Las metodologías activas han cobrado relevancia en la Educación Básica Media porque
permiten desplazar la enseñanza centrada únicamente en la transmisión de contenidos hacia
experiencias donde el estudiante participa, analiza, dialoga y construye aprendizajes con mayor
autonomía. En este enfoque, el aula se concibe como un espacio de interacción pedagógica, en el
que las actividades colaborativas, la resolución de problemas, la indagación y el uso de situaciones
contextualizadas favorecen una comprensión s profunda de los contenidos escolares
(Muntaner-Guasp et al., 2022; Nevárez Jiménez et al., 2025).

En este nivel educativo, el uso de metodologías activas resulta pertinente debido a que
los estudiantes fortalecen progresivamente habilidades cognitivas, comunicativas y sociales
necesarias para enfrentar tareas de mayor complejidad. Anrango Fernandez y Farinango Anrango
(2026) señalan que estas metodologías, aplicadas en Educación Básica Media, favorecen el
razonamiento lógico cuando se articulan con actividades de resolución de problemas, trabajo
cooperativo y uso de recursos didácticos contextualizados. De manera complementaria, Guamán
Sigua et al. (2026) sostienen que las metodologías activas contribuyen a mejorar la participación
y la comprensión cuando el estudiante asume un rol protagónico en la construcción del
aprendizaje.

El pensamiento crítico constituye una competencia esencial en la formación escolar,
debido a que permite interpretar información, analizar argumentos, reconocer supuestos, valorar
evidencias y formular juicios fundamentados. Benavides y Ruíz (2022) explican que esta
competencia favorece una aproximación reflexiva al conocimiento y fortalece la capacidad del
estudiante para tomar decisiones razonadas. Por ello, su desarrollo requiere prácticas pedagógicas
que promuevan preguntas, discusión, argumentación y evaluación de ideas, evitando que el
aprendizaje se limite a la repetición de contenidos.

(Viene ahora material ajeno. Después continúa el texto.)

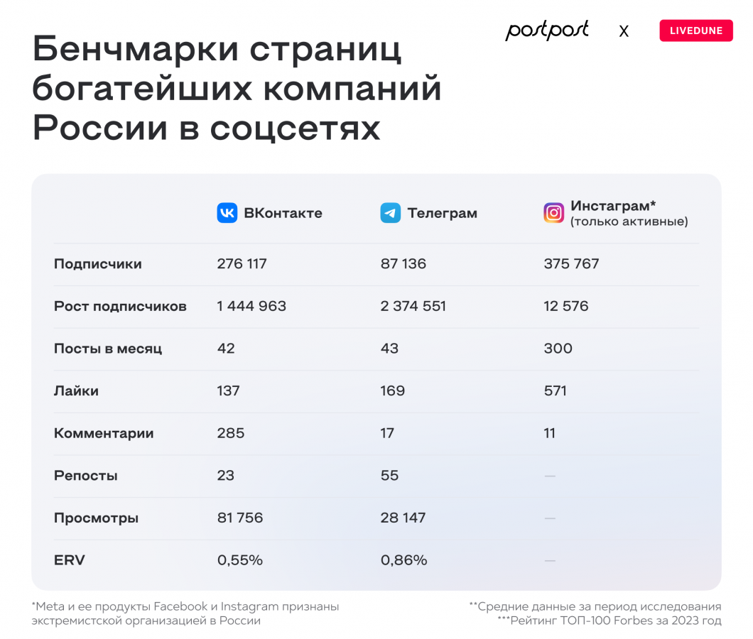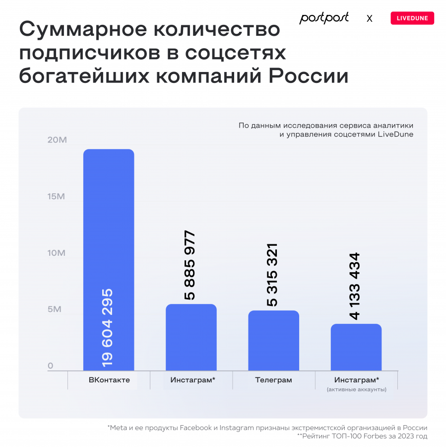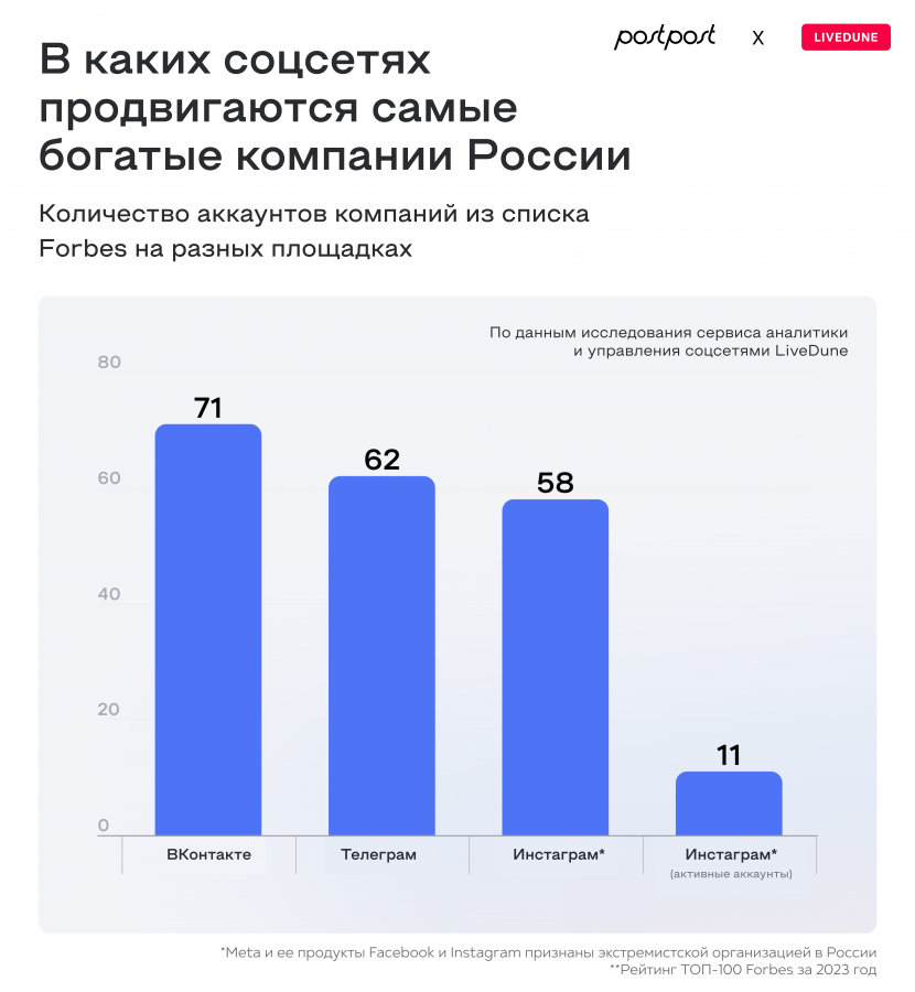 «Контент агентство PostPost» проанализированы аккаунты крупнейших компаний России из списка Forbes. Эксперты исследовали, какие социальные сети выбирают самые богатые компании страны, какие стратегии работают эффективнее и как они удерживают свою аудиторию в условиях блокировок и изменения медиапространства. Итогами с Sostav поделилась Мария Чашникова, руководитель группы внешних коммуникаций LiveDune.

Diversas investigaciones recientes coinciden en que las estrategias activas pueden generar
condiciones favorables para el ejercicio del pensamiento crítico en el aula. Mendoza Zambrano
et al. (2025) identifican que las estrategias didácticas activas, cuando se planifican con
intencionalidad pedagógica, se relacionan con habilidades de análisis, participación y
argumentación en la Enseñanza General Básica. En la misma línea, Martínez-Del Rio et al. (2025)
destacan que el aprendizaje basado en problemas permite a los estudiantes examinar situaciones,
formular hipótesis y sustentar soluciones, procesos vinculados con el razonamiento crítico.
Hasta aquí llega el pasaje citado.